E oggi ve lo raccontiamo così, attraverso l’incontro tra due nostri collaboratori speciali…

«Professoressa Pugliese, c’è un signore che l’aspetta.»

L’uomo si avvicina, si china un po’ in avanti, mi porge la mano e mi saluta dandomi ancora una volta del lei, cosa che mi fa sentire terribilmente vecchia e terribilmente professoressa.
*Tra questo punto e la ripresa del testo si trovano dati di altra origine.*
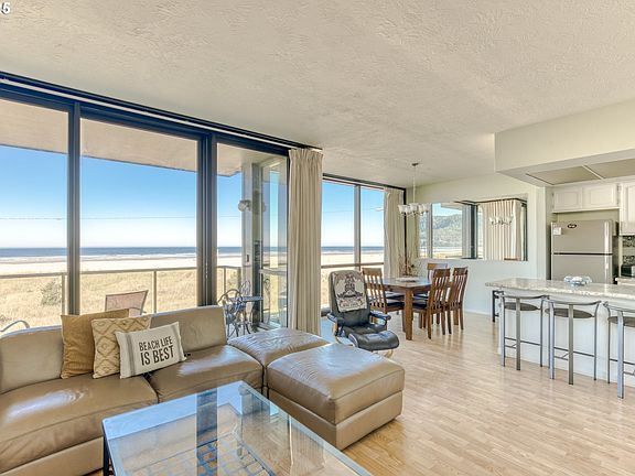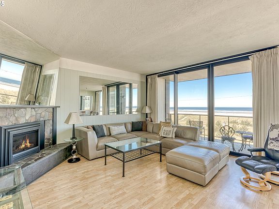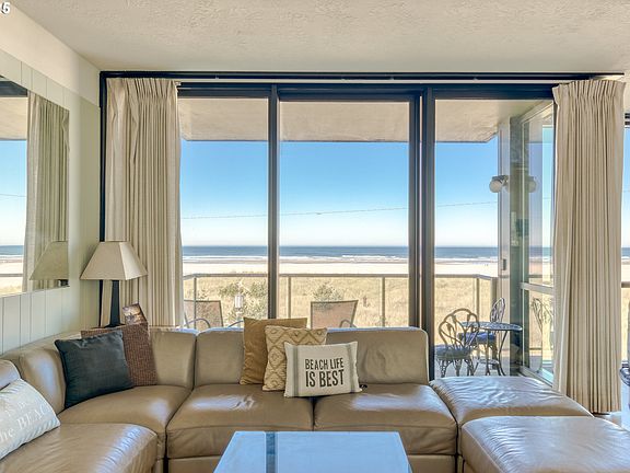 Great opportunity to purchase one of Seasides most popular Oceanfront Sand & Sea Condos. This 2nd floor updated condo with breathtaking Pacific Ocean & Tillamook Head views features an open concept living area, 2 bedrooms, 2 baths, gas fireplace, in-unit washer/dryer hookup, floor to ceiling windows, fully furnished and a private balcony for morning coffee and evening sunsets! The complex has an indoor pool, sauna, elevator access, steps away from the promenade & beach and 1 block to dining, shopping and downtown events. Seaside offers great surfing, fishing, clamming or sitting by the campfire enjoying spectacular sunsets. On-site rental management office. Turn-key investment opportunity!

Dall’atrio della scuola saliamo insieme le scale per cominciare questa mattinata speciale in cui nelle mie classi per un giorno non tratteremo di Cretesi, Augusto, fantascienza e participi, ma di cultura giapponese.
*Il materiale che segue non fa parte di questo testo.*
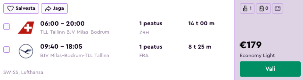 Lufthansa koostöös SWISSiga pakuvad hetkel väga hea hinnaga lennupileteid Türki. Edasi-tagasi lennupiletid Tallinnast Bodrumi on saadaval alates 179€ eest. Miinuseks on osadel kuupäevadel päevasel ajal pikem ümberistumine kas siis Frankfurdis või Zürichis, mis annab ka võimaluse emb-kumb linnaga tutvumiseks.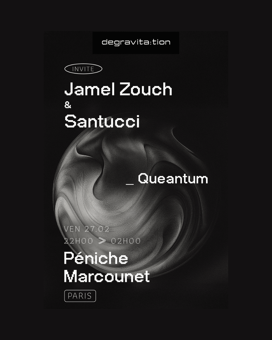DEGRAVITA:TION ven 27 Fév 22h00 - 2h00 DEGRAVITA:TION ven 27 Fév 22h00 - 2h00 https://shotgun.live/en/events/degravita-tion-invite-jamel-zouch-santucci DEGRAVITA:TION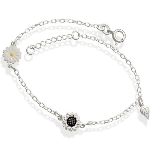 Pulseira De Prata Com 1 Folha 1 Girassol 1 Margarida Com Resina 18Cm

Entriamo in aula, anzi io entro mentre lui aspetta sulla soglia un mio cenno per farsi avanti; lo presento ai miei alunni, poi inizia la sua lezione: traccia segni incomprensibili sulla parte destra della lavagna dall’alto verso il basso, spiegando che si tratta della data di oggi, con l’indicazione dell’anno in carica dell’imperatore giapponese, il ventinovesimo dalla sua ascesa al trono, del mese e del giorno. A fianco scrive il proprio nome italiano trasposto nei caratteri nipponici e un ragazzo che si chiama allo stesso modo si affretta a ricopiare quelle linee sul suo diario. Parla ai miei studenti con sorprendente naturalezza di una Terra geograficamente e culturalmente così lontana dalla nostra, come se ci abitasse da una vita, mentre solo quattro anni fa è partito da Ascoli per trasferirsi a Okayama, nella parte meridionale del Giappone. Per un’ora con le sue parole annulla l’immensa distanza tra Occidente e Oriente, facendo percepire che è legato da ragioni profonde al Paese del Sol Levante e dimostrando che culture all’apparenza molto differenti in realtà hanno alcuni aspetti comuni grazie al lento e tenace scambio di conoscenze operato dai mercanti nel corso dei secoli lungo la Via della Seta. Il discorso passa inevitabilmente ai giovani e, come si poteva già intuire, spiega che i ragazzi giapponesi vestono all’incirca come i miei, anche se molto condizionati da rigide regole sociali, come i miei ascoltano fiumi di musica pop e venerano i loro idoli musicali, seguendoli minuto per minuto sui social e sognando di partecipare a un loro concerto per cantare e ballare insieme alle star sotto a un palco.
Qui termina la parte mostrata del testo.